The Globe said officials with the SEC and Prudential declined to comment on the SEC's visit to Prudential's Boston office.



To: jmhollen who wrote (12093)9/10/2003 9:37:27 AM
From: StockDung  Respond to of 19428
 
SEC BOSS RIPS STATE MEDDLING

September 10, 2003 -- Securities and Exchange Commission Chairman William Donaldson said state regulators endanger enforcement of securities laws when they fail to coordinate cases with federal prosecutors or his agency.
"This is very dangerous when you have people coming in from left field and not communicating with the people that are handling these procedures and run the risk that people that are guilty of something were going to get away because of crossed wires; that's extremely dangerous," Donaldson said yesterday in testimony to the Senate Banking Committee in Washington.
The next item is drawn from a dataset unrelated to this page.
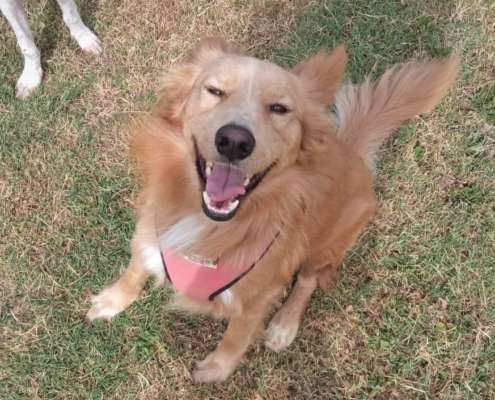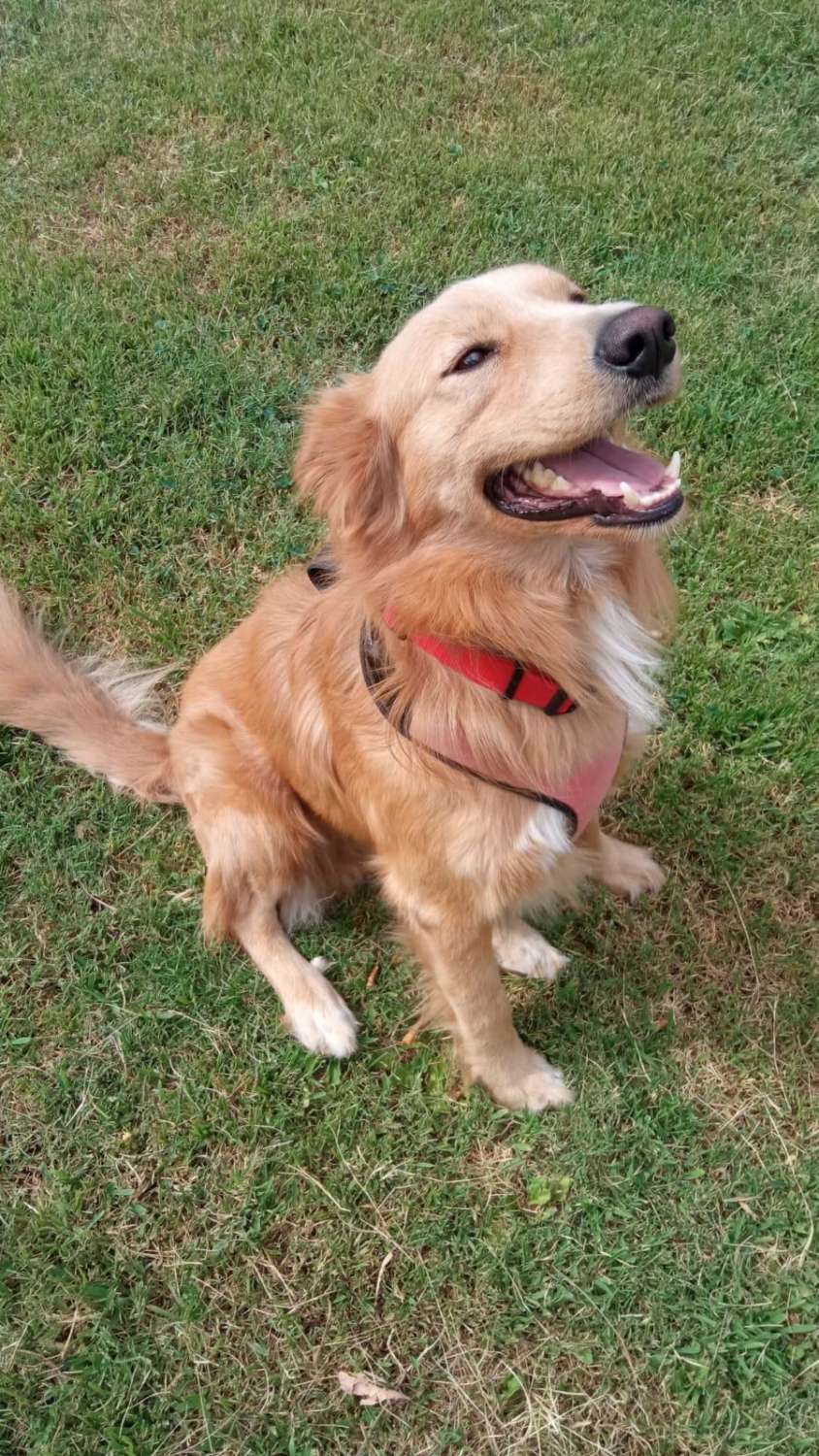 Akan fue recogido tras un atropello, con la pata totalmente destrozada, se llevó con el hueso fuera muchos días hasta que lo recogimos. Tenía una gran infección y casi se muere, pero tras muchos días de ingreso no solo salvó la vida sino también su pata. Hoy es un perro perfectamente normal, no cojea siquiera. De carácter es un perro magnífico, cariñoso, tranquilo y muy sociable.

Donaldson's remarks demonstrate tensions between SEC officials and some state regulators over who should take the lead in securities cases affecting national markets. Last week, New York Attorney General Eliot Spitzer surprised the SEC by announcing an investigation into trading practices of the $6.9 trillion mutual fund industry.

"We wish that he'd talked to us about it" beforehand, Donaldson said of Spitzer's probe. Spitzer spokesman Marc Violette declined to comment today about Donaldson's remarks.

While faulting Spitzer for not alerting the SEC to his mutual fund probe, Donaldson singled out Oklahoma officials for criticism over their decision last month to charge WorldCom Inc.'s ex- Chairman Bernard Ebbers with defrauding investors. Ebbers pleaded innocent to the charge.

Bloomberg



To: jmhollen who wrote (12093)9/10/2003 9:39:43 AM
From: StockDung  Respond to of 19428
 
SEC target Michael Lauer wants a chunk of frozen assets

2003-09-09 20:43 ET - Street Wire

THE BIG THAW

by Lee M. Webb

U.S. Securities and Exchange Commission (SEC) target Michael Lauer, head of the allegedly fraudulent Lancer Group, has filed a motion in the U.S. District Court for the Southern District of Florida to modify an injunction freezing his assets. In response to an SEC civil complaint and motion for an injunction, on July 10 the Florida court froze the assets of Lancer and Mr. Lauer and appointed a receiver.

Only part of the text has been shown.